Mr Donohoe:  Can I just say to you that, in these circumstances, it seems strange that you are not in a position to be able to give us, today, a figure, if the Government of that administration was able to put it within the Red Book. Why; what is the difference?


  389.  Mr Rowlands has given us an indication.
  (Mr Rowlands)  I have tried to be helpful. Can we reflect on that and if we want to say to you more we will do.

Chairman:  Yes; because Mr Rowlands has given us an indication, which even the most stupid of us can probably pick up.

Mr O'Brien

  390.  Can I go back to the question of the Highways Agency, and could you tell me, in the current year, 1998-99, how much they will be spending on the national roads network and how much will they be spending on maintaining the existing system? Would I be fair in saying there is a capital and a revenue input there, and, if there is, could you tell me both the charges?
  (Mr Brearley)  I will give you some figures, if I may. There is a figure, in Figure 8.a, on page 62 of the Report, for 1998-99 National Roads, £1,349,000,000, (one billion, 349 million) as a grand total.
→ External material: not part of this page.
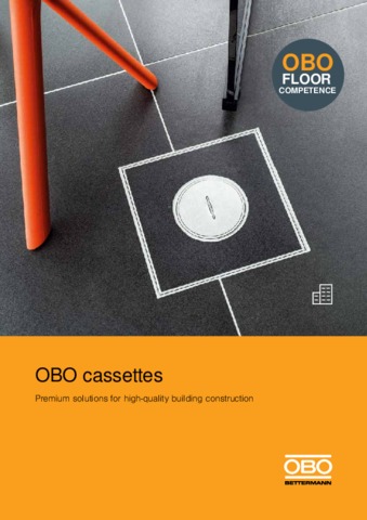OBO kasetes var izlīdzināt gatavās grīdas līmenī un īpašā variantā izmantot arī skaņas izolācijai. Tās ir pieejamas taisnstūra dizainā kas piemēroti grīdas segumiem ar sauso, viegli mitro un slapjo uzkopšanu. Kasetes ietvars ir izgatavots no kvalitatīva nerūsējošā tērauda vai misiņa. Integrētā 4 mm biezā tērauda plāksne vēl vairāk palielina kasetes slodzes izturību. Kasetes ir pārbaudītas atbilstoši standartam EN 50085-2-2 OBO BET testēšanas centra modernajās pārbaudes iekārtās. Visus segumus, piemēram, flīzes, akmeni, marmoru, parketu, koka dēļus vai arī PVC un vinilu var lieliski integrēt kasešu vākos.

  391.  That is capital, is it?
  (Mr Brearley)  No, that is both capital and current.

  392.  How much of that then would be revenue?
  (Mr Brearley)  Can I split it down, first of all, into maintenance, which is about £650 million of that total, of which itself about £285 million is capital maintenance and £175 million is routine current account maintenance, so to speak. Something like £150 million is for the renewal of bridges, which is capital expenditure, really, and then there is about £40 million which is things like the electricity for the street-lights, other equivalent expenditure, which is current expenditure, pretty largely, so it splits into both; and that is all maintenance that I have been talking about there. And then there is something of the order of £562 million for road infrastructure improvements, of which, that is all capital except the £114 million which is PFI payments for the DBFO schemes of the kind we were referring to earlier, inside that. And, finally, to get the total, there is about £140 million which is, as the Highways Agency say, making better use of the network, which is really small, capital expenditure, small schemes, junction improvements, and so on.
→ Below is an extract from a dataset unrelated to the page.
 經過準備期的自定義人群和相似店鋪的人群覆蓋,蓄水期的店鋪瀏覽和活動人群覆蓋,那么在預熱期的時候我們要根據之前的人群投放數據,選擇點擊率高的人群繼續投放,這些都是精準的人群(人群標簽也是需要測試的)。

  393.  How much of that is spent on expanding the motorway system?
  (Mr Brearley)  I suppose, it is the infrastructure improvements, the larger road schemes, which are making the greatest contribution to that, which, ignoring the PFI payments, is of the order of £440 million this year, though, in fact, quite a bit of the `making better use' sum, which is junction improvements and lane improvements, small things of this kind, it is increasing the capacity of the network but not in sort of dramatic, one-off ways.
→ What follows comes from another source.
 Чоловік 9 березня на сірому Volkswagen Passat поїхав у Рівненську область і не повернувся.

  394.  The £114 million that is spent through the PFI, that is all expanding the motorway, there is no maintenance in that, is there?
  (Mr Brearley)  Those are the payments for the DBFO schemes and the routes that were involved in those, so the sums of money are remunerating the contractors, basically, both for the capital expenditure they have undertaken and the ongoing operating costs that they have got.

  395.  Who is responsible for maintaining the roads built by PFI?
  (Mr Brearley)  The contractor.

  396.  They are; so it comes out of this?
  (Mr Brearley)  Yes.

  397.  What are those figures as a proportion of the total budget for highways and how does this compare with the previous two or three years?
  (Mr Brearley)  The £114 million compares with a total of about £1,350 million, as I say, so we are talking about something like 8 per cent. So that is that level of comparison. And this sum has, of course, been growing quite considerably in recent years, it was almost nothing at all only a few years ago, as more DBFO schemes have come on board.

  398.  But what is the total out of the Department's budget?
  (Mr Brearley)  The Department's budget, John, is?
  (Mr Ballard)  The total budget for the Department is about £12.5 billion in 1998-99.

  399.  And that is including the grants to local authorities, too, is it?
  (Mr Brearley)  No, actually, it is not; so it is about 1 per cent anyway of the grand Department's budget, to split it in that way.